La nouveauté vient de l'échelle à laquelle ils implémentent et combinent l'usurpation de sous-domaines et le snowshoe spamming, échelle qui complique grandement la détection et l'atténuation des risques. Au-delà de l'échelle, déjà sans précédent, il semble également que l'utilisation de ces techniques soit plus systématique et régulière qu'aléatoire. Dans ce blog, nous décrivons l'une de ces attaques de grande envergure en mettant en avant les meilleures pratiques d'atténuation des risques via la norme DMARC (Domain-based Authentication Reporting and Conformance).
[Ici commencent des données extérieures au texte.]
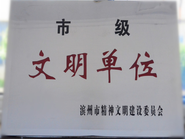 日前,公司收到濱州市精神文明建設(shè)委員會頒發(fā)的“市級文明單位”榮譽(yù)稱號獎牌,這是公司首次獲得該項(xiàng)榮譽(yù),也是公司精神文明建設(shè)工作取得的又一優(yōu)異成績。
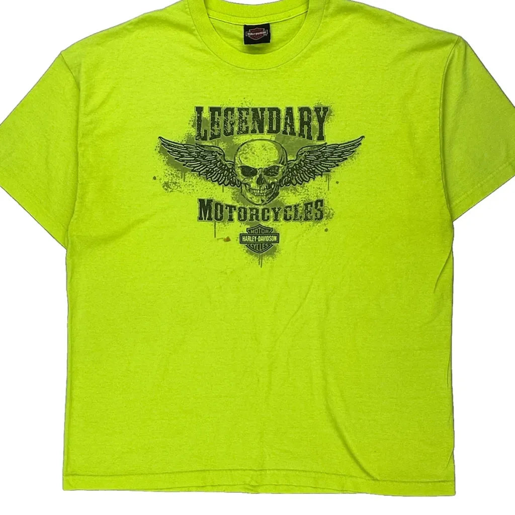Harley Davidson Graphic T-Shirt - 2XL Yellow Cotton
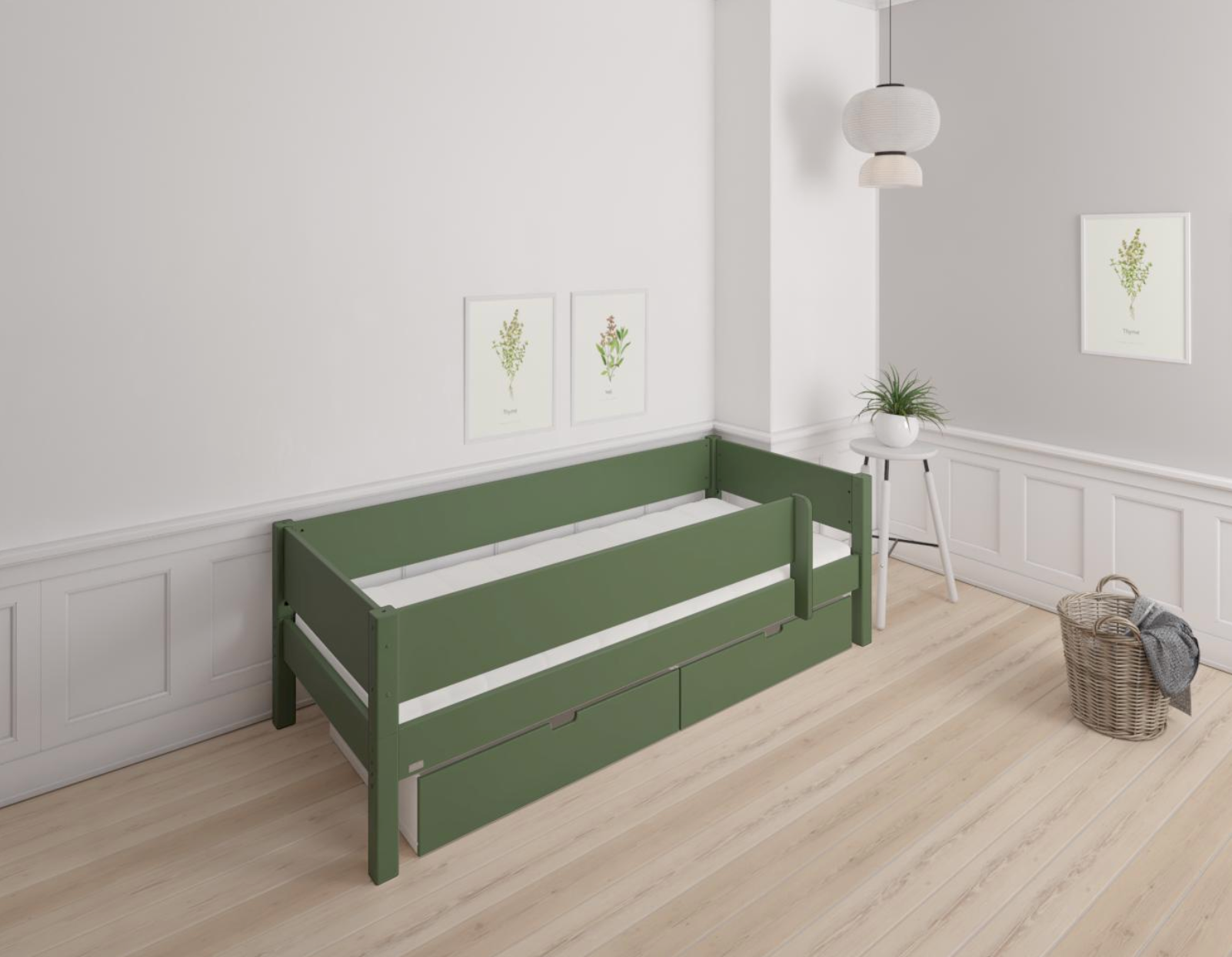 Mimer starter bed with safety railsl and drawers

En effet, cette technologie a déjà fait ses preuves, mais elle doit être implémentée correctement si l'on veut éviter les problèmes et les tâches de maintenance laborieuses.
Snowshoe Spamming : Usurpation de sous-domaine d'un nouveau genre
Les chercheurs de Proofpoint ont identifié une nouvelle forme d'usurpation de sous-domaine. Au lieu de cibler une entreprise à la fois et de multiplier les mots-clés, phrases ou caractères divers et variés dans le nom des sous-domaines, cette nouvelle approche récupère tous les domaines d'expéditeur d'un grand nombre d'entreprises et les fait précéder d'une marque connue et authentique. Dans ce cas, les cybercriminels ont utilisé LinkedIn.
LinkedIn s'efforce depuis des années de gagner la confiance de ses membres et, comme toute marque mondialement réputée, court de ce fait le risque de voir ses domaine et profil usurpés par des imposteurs capables d'exploiter ce climat de confiance. Le tableau ci-dessous présente quelques exemples de création de sous-domaines par les cybercriminels en exploitant la marque LinkedIn.
Domaines légitimes |
Sous-domaines usurpés |
|
exemple.com |
↔ |
LinkedIn.exemple.com |
exemple.co.uk |
↔ |
LinkedIn.exemple.co.uk |
exemple.ie |
↔ |
LinkedIn.exemple.ie |
us.exemple.com |
↔ |
LinkedIn.us.exemple.com |
uk.exemple.com |
↔ |
LinkedIn.uk.exemple.com |
ie.exemple.com |
↔ |
LinkedIn.ie.exemple.com |
Dans cette campagne, les e-mails sont sans surprise des e-mails de phishing, conçus pour leurrer les victimes et les inciter à communiquer leurs identifiants de connexion à LinkedIn. Toutefois, comme les auteurs de l'attaque ne passent pas par les domaines propres à LinkedIn mais par des sous-domaines d'autres sociétés, LinkedIn ne peut pas bloquer les messages à l'aide de la norme DMARC comme d'habitude.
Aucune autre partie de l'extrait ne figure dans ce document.